Chez Lagarce, cette adresse est évidemment au cœur de l’écriture, si ce n’est qu’elle est comme déséquilibrée : le personnage lagarcien s’adresse en général à un interlocuteur qui écoute, regarde, mais ne répond pas, ne parle pas – ou alors de manière si laconique que son mutisme en est encore plus insupportable. Alors celui/celle qui parle se sent obligé.e de combler ce silence, de l’interpréter et d’y répondre par avance. Gentiment paranoïaque (comme tout bon névrosé qui se respecte) et pétri de culpabilité (raté de la vie qu’il est, comme tout un chacun), le personnage lagarcien se sent jugé, fouillé par ce regard qui se tait, et tente comme il peut de se disculper, de trouver des excuses, des circonstances atténuantes pour justifier toutes ces années-là, passées en gros à ne pas vivre la vie qu’il aurait aimé vivre… Et plus il parle, plus il tente de sauver sa peau en direct, ouvrant parenthèse sur parenthèse, plus il s’enfonce et se prend les pieds dans son propre tapis, et plus il dévoile peu à peu, en creux, en tournant autour du pot, la vérité vraie de son échec inavouable, de son ratage intime.
La figure biblique de « l’enfant prodigue » traverse nombre de pièces de Lagarce (Retour à la citadelle, Juste la fin du monde, J’étais dans ma maison et j’attendais que la pluie vienne, Le pays lointain – voire en creux Les prétendants) : un fils (aîné) disparaît sans plus jamais donner de nouvelles à sa famille : pourquoi ? Vivre avec nous est-il si impossible ? Vivre dans notre « trou du cul du cul du monde », est-ce si peu une destinée digne qu’il faille s’enfuir ? Sans prévenir ni crier gare,, comme si ses proches (qui, eux, vont devoir rester là et poursuivre leur existence trouée par cette disparition) ne méritaient même pas d’être informés ?
Et voilà que, des années plus tard, le fils aîné réapparaît soudain, sans raison ni explication : pourquoi ce retour ? Pourquoi, derrière son silence, semble-t-il nous juger, nous qui avons dû rester là toutes ces années, passées peut-être à l’attendre ?
Alors commence le bal des longues justifications et la valse de la mauvaise foi…
C’est en s’arrimant à cette énergie de la parole, à ce désir fou d’être compris.e, d’être pardonné.e (aimé.e ?), que l’écriture de Lagarce prend tout son sens, sa saveur et son incroyable humanité.
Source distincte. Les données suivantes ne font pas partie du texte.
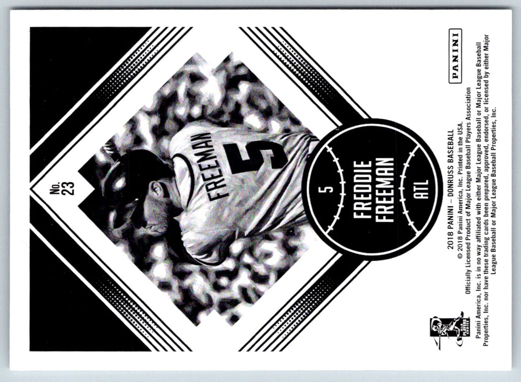 This 2018 Donruss Freddie Freeman #23 Atlanta Braves card is the perfect addition to any Braves fan's collection. Featuring an iconic portrait of the star slugger, this card captures his signature stance and solid batting form. The action-packed background of Turner Field gives it an extra dimension of realism. A must-have for any Freeman fan, this card is sure to become an instant classic.

Cela suppose de la part de l’acteur/actrice une grande virtuosité de jeu, pour rester tendu.e sur son désir de parole à longueur de « tunnels », malgré les méandres, les incises et les infinies circonvolutions de la pensée en mouvement, à l’écoute exacerbée du silence de son interlocuteur…
Pour toucher à cette curieuse mécanique de l’écriture, si propice au jeu théâtral, nous nous promènerons à travers deux de ses chefs-d’œuvre structurés autour de cette figure du fils « prodigue » disparu/réapparu : Juste la fin du monde et J’étais dans ma maison et j’attendais que la pluie vienne. Et nous lirons ensemble, en cours d’exploration, d’autres textes comme Retour à la citadelle, Le pays lointain, Du luxe et de l’impuissance.